Tak hanya Polri, rencana itu pun diperluas menyusul usulan dari unsur TNI, khususnya TNI AL.
“TNI bertanya, ‘Kenapa hanya Polri yang dilatih?’ Akhirnya disepakati bahwa TNI juga ikut. Ini akan jadi tanggung jawab nasional HIPGABI,” tambahnya.
Pengetahuan yang Harus Dimiliki Semua Orang
Dominggos menegaskan, pelatihan kegawatdaruratan seperti BTCLS tak boleh eksklusif. Ia berharap ke depan, pelatihan ini juga menyasar masyarakat umum, termasuk ibu rumah tangga, satpam, pengemudi ojek, hingga pelajar.
“Dalam kondisi darurat, menit pertama adalah penentu hidup dan mati. Kalau ada yang bisa bantu dengan teknik dasar, peluang selamat bisa 90 persen,” tegasnya.
Ia lalu membagikan kisahnya saat membantu penumpang yang kolaps di Bandara Soekarno-Hatta.

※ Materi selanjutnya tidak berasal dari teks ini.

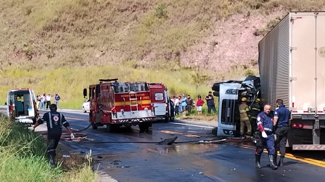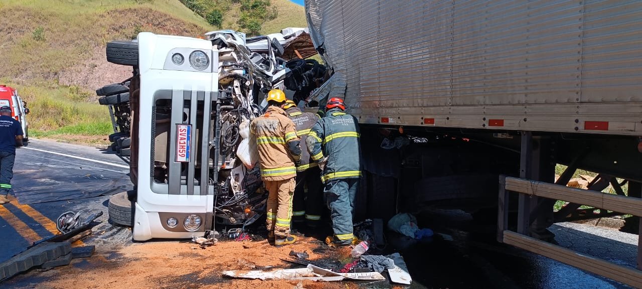 REDUTO (MG) - Uma pessoa morreu e outra ficou ferida uma colisão de duas carretas km 23 da BR-262, entre Reduto e Martins Soares, no trecho da chamada serra de Jaguaraí, nesta sexta-feira, 17/05.

"Saya bantu selama 10 menit sebelum tenaga medis datang. Bayangkan kalau tak ada yang tahu pertolongan dasar, bisa berakibat fatal,” ungkapnya.
Dominggos berharap, pelatihan seperti ini kelak bisa masuk ke sekolah, kantor, hingga komunitas warga, dan mendapat perhatian lebih serius dari pemerintah.
“Kita tidak tahu kapan dan di mana kondisi darurat terjadi. Lebih baik siap lebih awal daripada menyesal kemudian,” tutupnya.